With no other prospect of a bailout in sight, “We had to make the extremely difficult but inevitable decision that the time has come for SCAD to close,” Booysen said. “We will be winding down our operations over the next two months. We plan to vacate our center at Sukhumvit at the end of June, and then wrap up at Bang Bo towards the end of July. Our first priority is to find suitable homes for all the animals in our care.

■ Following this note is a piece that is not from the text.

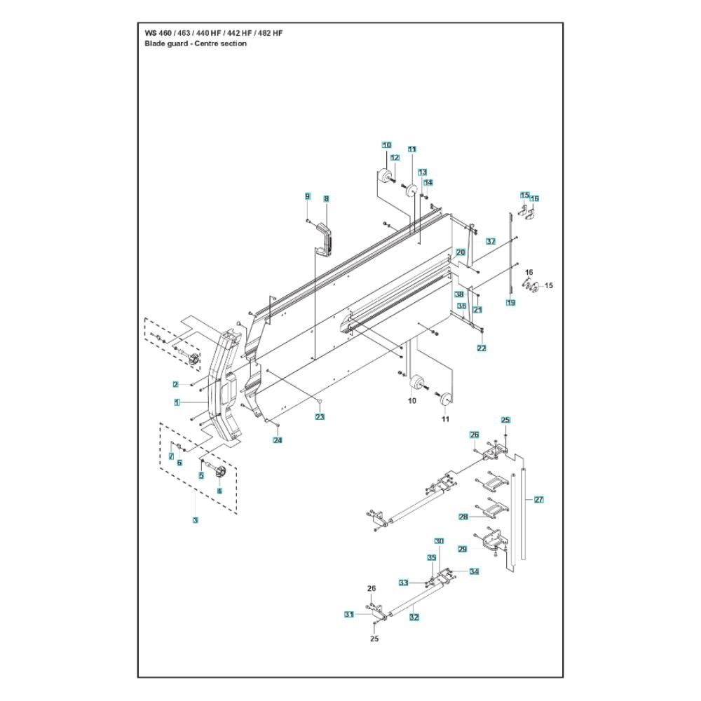 The Blade Guard Centre Assembly for the Husqvarna WS 462 Wall Saw is designed to ensure safe and efficient cutting operations. This assembly includes components that protect the blade and operator, maintaining optimal performance. Essential for routine maintenance, it helps prolong the lifespan of the wall saw by safeguarding against debris and wear.

We are making very good progress,” Booysen concluded.
Soi Dog Foundation director John Dalley told ANIMAL PEOPLE that he and Booysen had drafted a mutually accepted memorandum of understanding to govern the proposed merger, but the SCAD board scuttled it by trying to retain control of funding and the donor list, and by seeking to have the Soi Dog Foundation purchase used veterinary equipment from SCAD which Dalley considered not worth buying.
Instead, Dalley said, Soi Dog Foundation will take over the location and equipment of Treat with Responsibility and Empathy all Animals in Thailand, opened in 2011 by Soi Dog Foundation founder Margot Park, who left SDF in 2005.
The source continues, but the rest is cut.